HOW TO COMPLETE THIS TASK: From the line holding "各クラスでは、写真のように一" through the line holding "Вечером - шоу" below, write out every line exactly; include both of those lines and drop the pictures.

SUPPLIED ENTRIES:
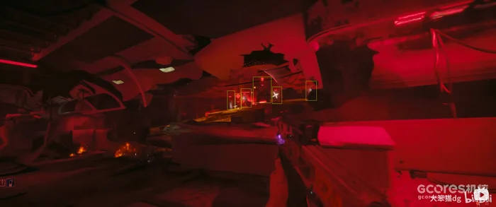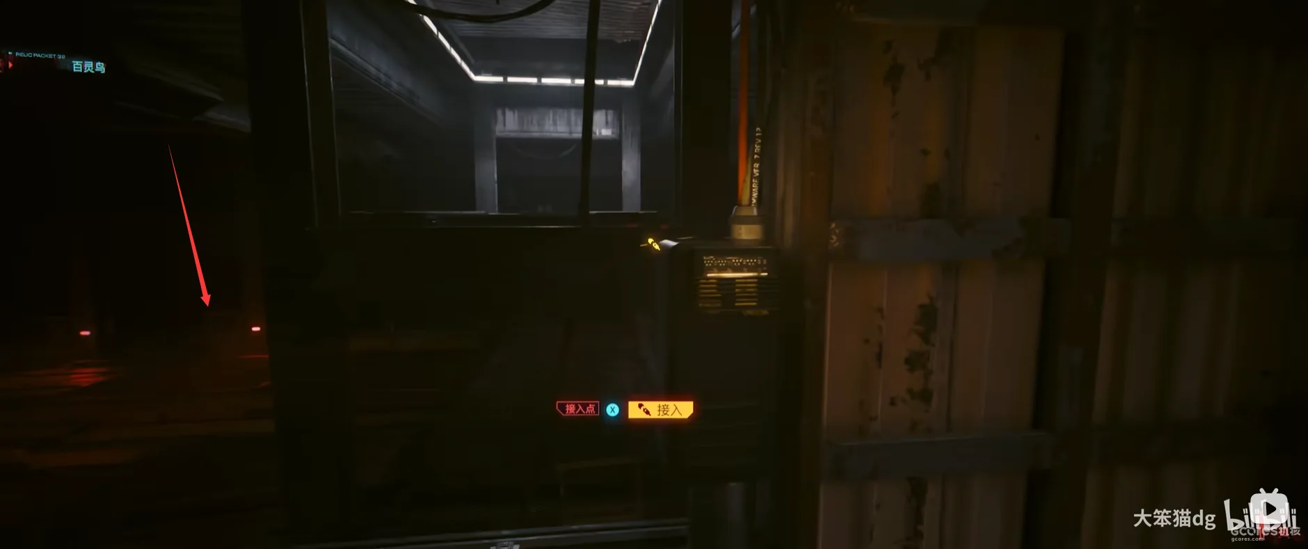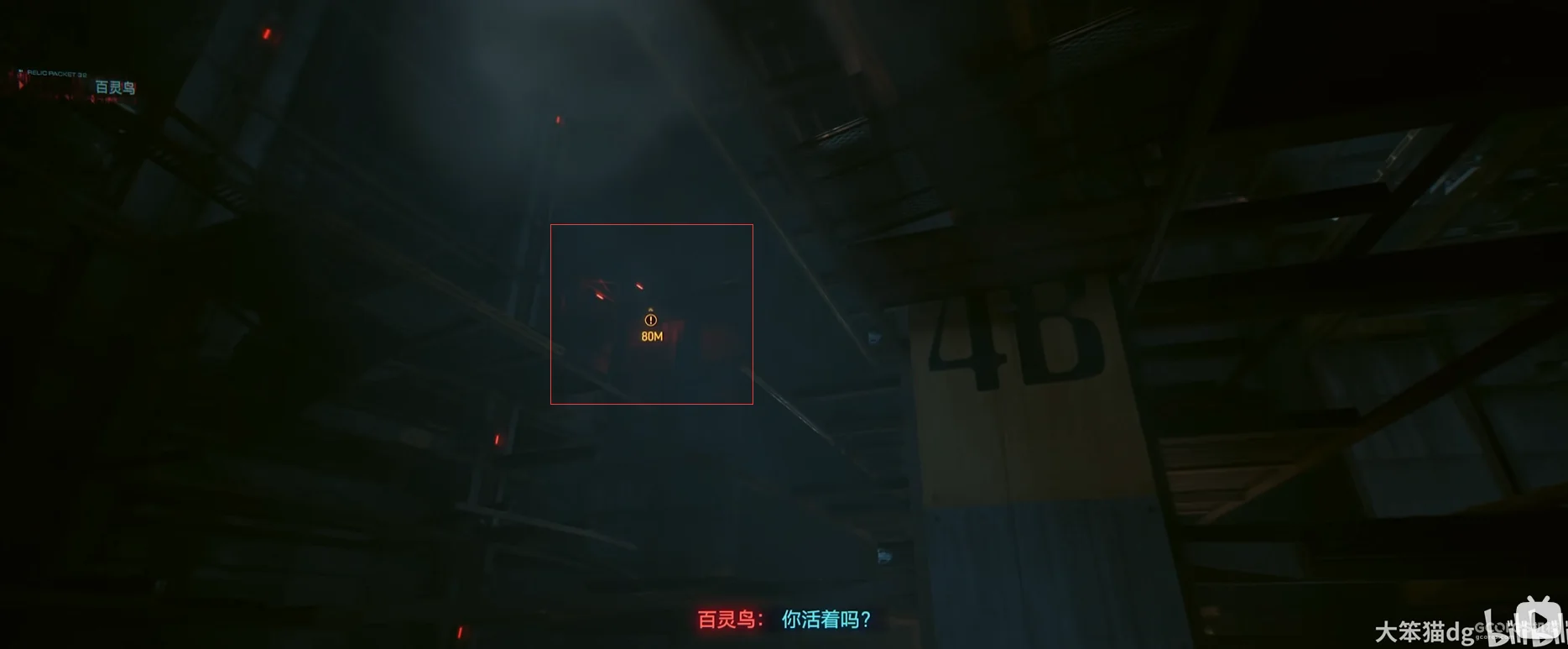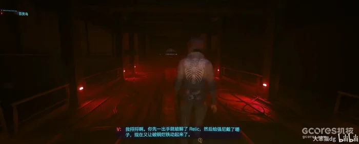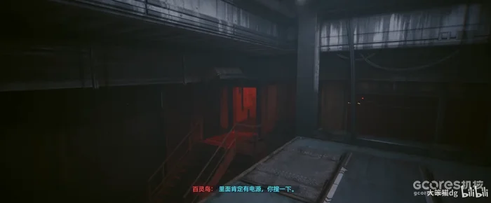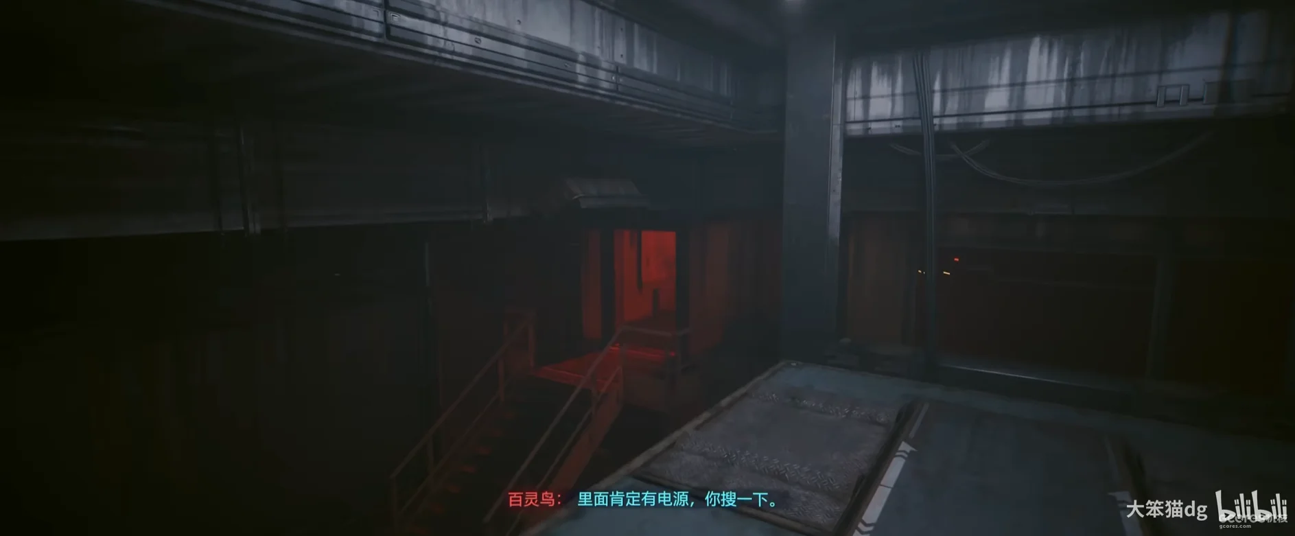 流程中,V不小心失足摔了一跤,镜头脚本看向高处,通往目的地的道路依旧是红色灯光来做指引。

--

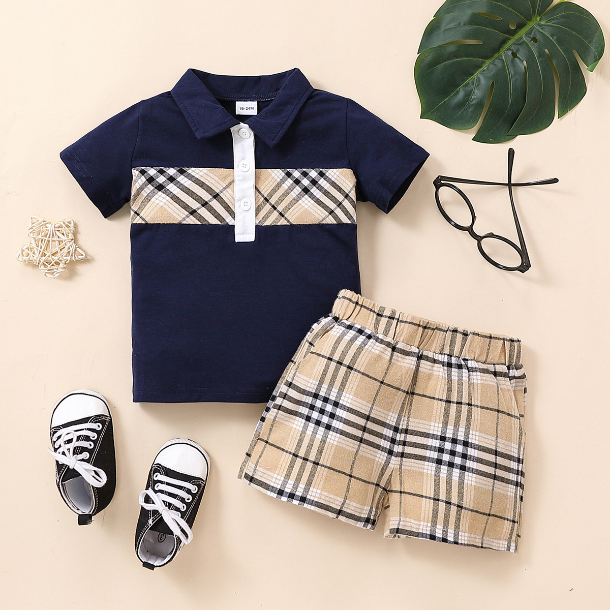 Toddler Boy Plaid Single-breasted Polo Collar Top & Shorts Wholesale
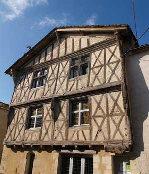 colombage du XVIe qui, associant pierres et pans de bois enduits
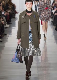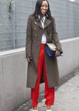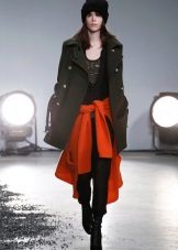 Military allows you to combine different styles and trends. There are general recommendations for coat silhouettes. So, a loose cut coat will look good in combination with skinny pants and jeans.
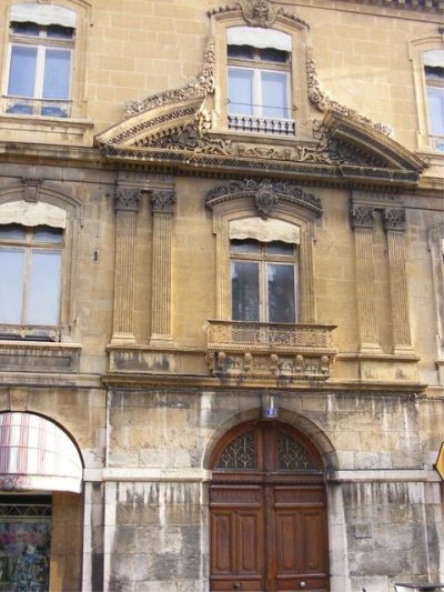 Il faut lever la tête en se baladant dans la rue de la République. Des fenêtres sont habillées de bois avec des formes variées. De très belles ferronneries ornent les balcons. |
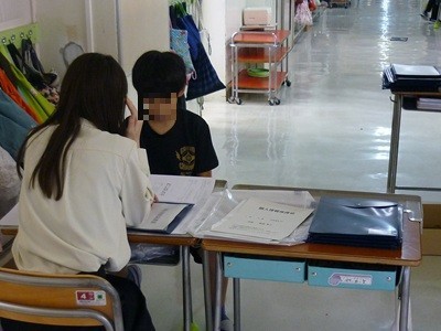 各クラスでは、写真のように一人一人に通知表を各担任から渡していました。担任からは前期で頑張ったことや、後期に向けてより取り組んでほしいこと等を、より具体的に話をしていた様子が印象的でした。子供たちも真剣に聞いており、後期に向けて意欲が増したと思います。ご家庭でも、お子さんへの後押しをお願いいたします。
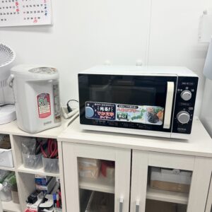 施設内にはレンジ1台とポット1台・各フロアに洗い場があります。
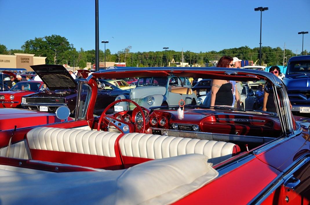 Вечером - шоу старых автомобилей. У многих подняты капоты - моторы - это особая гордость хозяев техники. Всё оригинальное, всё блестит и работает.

RESULT FOR THIS EXERCISE:
 各クラスでは、写真のように一人一人に通知表を各担任から渡していました。担任からは前期で頑張ったことや、後期に向けてより取り組んでほしいこと等を、より具体的に話をしていた様子が印象的でした。子供たちも真剣に聞いており、後期に向けて意欲が増したと思います。ご家庭でも、お子さんへの後押しをお願いいたします。
 施設内にはレンジ1台とポット1台・各フロアに洗い場があります。
 Вечером - шоу старых автомобилей. У многих подняты капоты - моторы - это особая гордость хозяев техники. Всё оригинальное, всё блестит и работает.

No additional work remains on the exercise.